- _Task brief_
Using the data below, print exactly the line with "System features include", the line with "小提示:如果您没有备份过您的", and every line between them, but none of the pictures.

- _Input data_
= = = = =
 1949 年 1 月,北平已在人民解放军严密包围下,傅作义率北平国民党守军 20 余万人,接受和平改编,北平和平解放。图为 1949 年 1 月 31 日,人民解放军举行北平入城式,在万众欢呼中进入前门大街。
= = = = =
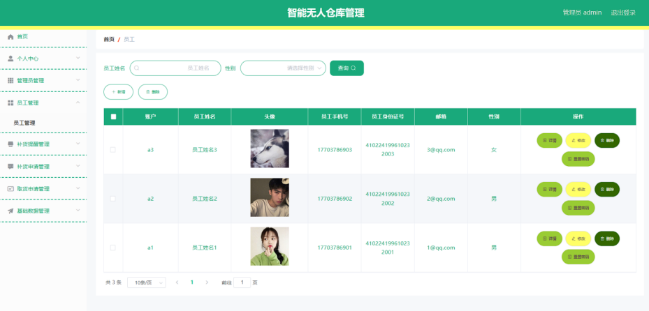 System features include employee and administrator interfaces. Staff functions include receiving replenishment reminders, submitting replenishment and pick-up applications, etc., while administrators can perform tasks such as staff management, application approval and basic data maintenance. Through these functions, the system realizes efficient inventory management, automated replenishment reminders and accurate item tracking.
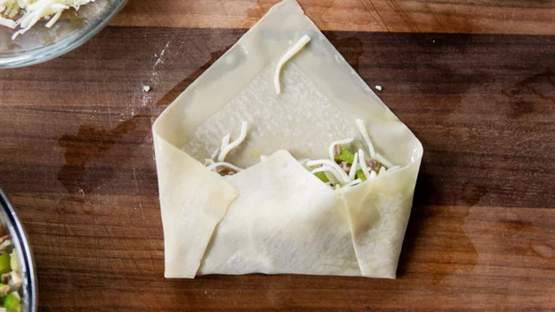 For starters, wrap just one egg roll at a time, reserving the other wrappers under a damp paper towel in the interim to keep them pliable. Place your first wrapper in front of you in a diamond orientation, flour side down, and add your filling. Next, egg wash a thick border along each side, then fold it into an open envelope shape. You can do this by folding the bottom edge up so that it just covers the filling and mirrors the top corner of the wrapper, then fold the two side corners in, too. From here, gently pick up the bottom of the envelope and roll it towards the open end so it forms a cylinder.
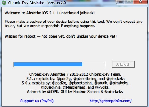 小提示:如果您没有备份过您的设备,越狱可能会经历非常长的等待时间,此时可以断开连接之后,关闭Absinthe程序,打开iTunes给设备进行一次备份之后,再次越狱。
= = = = =
- _Reply_
 System features include employee and administrator interfaces. Staff functions include receiving replenishment reminders, submitting replenishment and pick-up applications, etc., while administrators can perform tasks such as staff management, application approval and basic data maintenance. Through these functions, the system realizes efficient inventory management, automated replenishment reminders and accurate item tracking.
 For starters, wrap just one egg roll at a time, reserving the other wrappers under a damp paper towel in the interim to keep them pliable. Place your first wrapper in front of you in a diamond orientation, flour side down, and add your filling. Next, egg wash a thick border along each side, then fold it into an open envelope shape. You can do this by folding the bottom edge up so that it just covers the filling and mirrors the top corner of the wrapper, then fold the two side corners in, too. From here, gently pick up the bottom of the envelope and roll it towards the open end so it forms a cylinder.
 小提示:如果您没有备份过您的设备,越狱可能会经历非常长的等待时间,此时可以断开连接之后,关闭Absinthe程序,打开iTunes给设备进行一次备份之后,再次越狱。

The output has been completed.